However, research in the area of expert performance shows that when it comes to this practice, not just the amount, but the type of practice matters tremendously. How practice is done is such a major factor in improvement that taking the 10,000 hour rule by itself is like solving physics problems with the formula F = a instead of F = ma.

Research in the area shows that performers usually plateau after reaching competence, which is the point they no longer struggle with regular operations. At this point, automaticity takes over, which for example is the reason that whilst most people can walk, few get consistently better at it despite walking a lot. This means, that out of the 10,000 hours put into learning the task, 9,000 are potentially wasted.

In order to leave plateaus, one needs engage in "deliberate practice", a term coined by the cognitive psychologist Anders Ericsson. It's presence, or lack thereof has been shown across a wide variety of disciplines between masters and people who are merely good after having spent similar amounts of time on practice.

Deliberate practice is practice where you consciously strain for a point that is just outside your current skill level. In the case of musicians for example, it can manifest as slowing down a song to a crawl until every note is hit in the right way, and then slowly speeding up or slowing down again at the line where one starts making mistakes.

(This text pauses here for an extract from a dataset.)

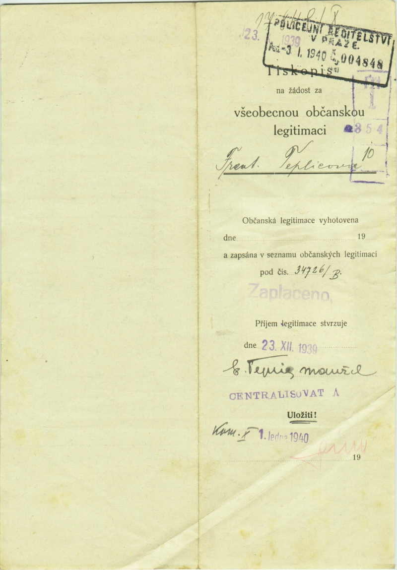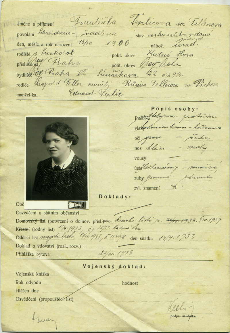 Teplicová Františka: Žádost o vydání občanské legitimace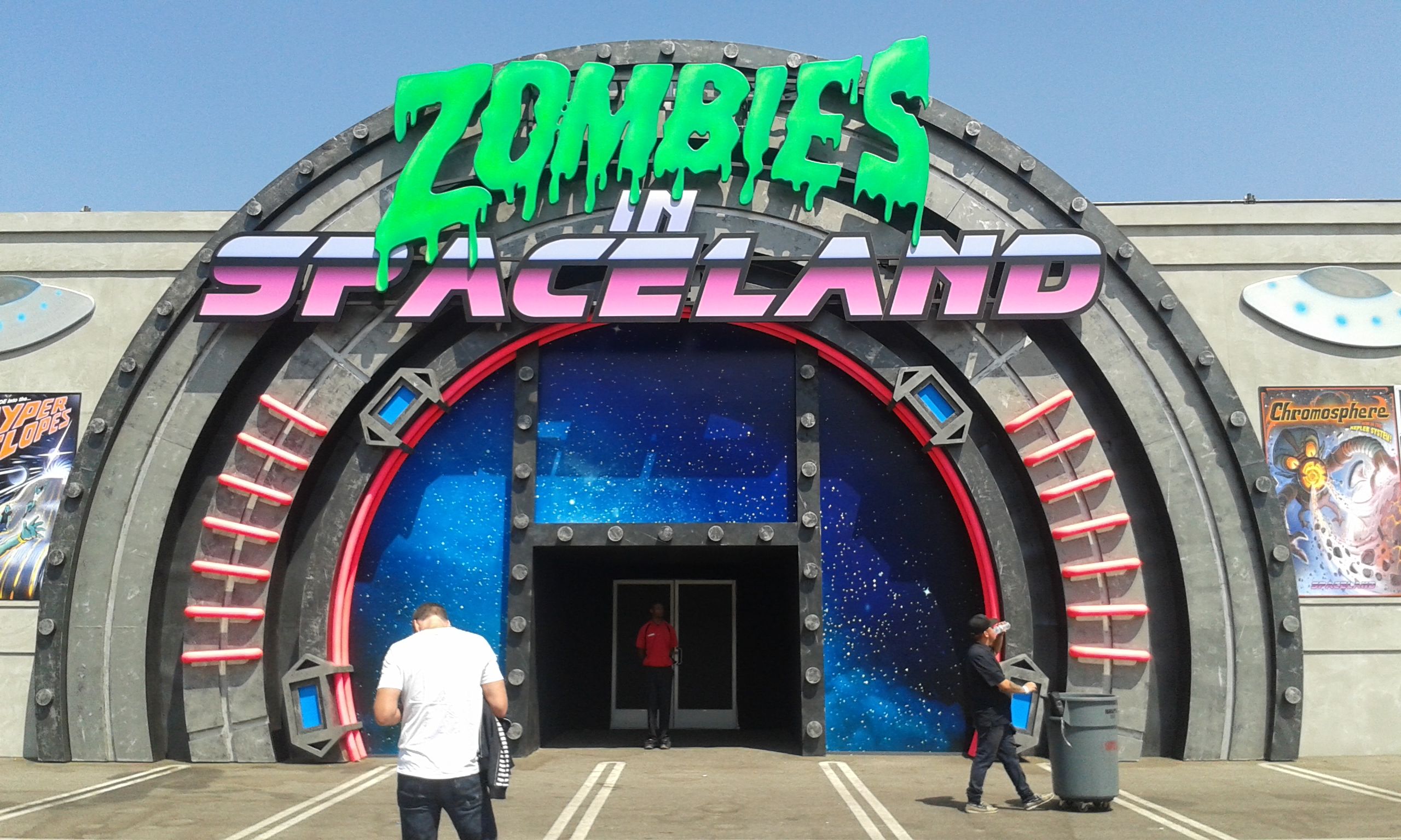 Friday 2nd September 2016 – Dunc was in LA for the Call of Duty 2016 World Championships, the biggest console tournament in the calendar. Professional gamers compete for over $1,000,000 in prize money and gaming fans pay handsomely to watch them battling it out on giant screens in a 5,000 seat arena. The action is live streamed on the internet with commentary from professional web casters. This is big business; a lot of these kids make more money than their parents and some are minor celebrities. Scuf had a promotional stall at the event and was a sponsor for many of the teams. Dunc offered to get me into the event and I eagerly accepted. We met at 9am and took a taxi to the venue where I was furnished with a VIP wristband and given a pro-gamers jacket- just about the coolest thing you could possibly wear at an event like this! The place was already busy. Outside there were two zip lines, a paintball battlefield, a zombie themed laser quest marquee and various corporate stalls. The Scuf stall had a display of some of its products, an area where you could test out the latest controllers and a cut out scene you and a mate could put your head through and when you took a photo one of you looked like a zombie. We tried the various activities but the real interest was in the main arena. I don’t play Call of Duty so didn’t have a clue what was going on. Nevertheless it was fascinating and after several hours of watching the big screens with webcast commentary I began to appreciate how skilful these players were. Alysa, meanwhile had spent a blissful day pampering herself at the hotel- zombies and first person shooters aren’t really her thing.

My point is that whilst the 10,000 hour rule is useful for setting time expectations to become a master at a task and helps illustrate how expertise is attainable for all of us if we put in the time and work, it lacks predictive power for whether you will become great at something after spending this amount of time.

For a hobby, this may only result in some wasted practice time getting to competence(I've eyeballed this at about a factor of 2 doing some testing learning the piano, unscientific, I know), which is perfectly fine. You're doing it for fun. Pain periods and all.

For an occupation, however, it can lead to endless grief. You've read about the 10,000 hour rule, you want to become very good, but after a year of work, you don't ever become significantly better. You sit there, grasping at the problem, but it's elusive, like you're wildly tweaking screen settings things to fix a kernel bug.

I am also oversimplifying a bit for brevity here, but there's some books on the topic. For an in depth review, there's the "Cambridge Handbook of Expertise and Expert Performance"[0].

For a lighter book more along the lines of Outliers, theres "The Talent Code"[1] by Daniel Coyle. AFAIK, both draw from the Cambridge book.

Both of them are worth a look, the 10,000 hour rule might tell you "I can do it", but these will tell you "How to do it".

[0][https://www.amazon.com/Cambridge-Expertise-Performance-Handb...] [1][https://www.amazon.com/Talent-Code-Greatness-Born-Grown/dp/0...]

Thank you for the reference to the Cambridge Handbook. Having read The Talent Code and Talent Is Overrated, both of which I recommend, I look forward to this one as well.

It takes a bit of time to go through, the chapters take me about a day if I take notes, and it's 40 chapters, so I'm personally only up to chapter 15 right now.

Good post, but one nitpick: the author of the submitted piece made a point that the 10,000 hour was for music students at about 20 years old who were not yet masters.

I like the 10,000 hour rule as an order of magnitude estimation. Somewhere between hour 5001 and 49999, you become very good, given the right kind of practice. It's an acceptable heuristic for that, and research throws up similar numbers in a range of fields.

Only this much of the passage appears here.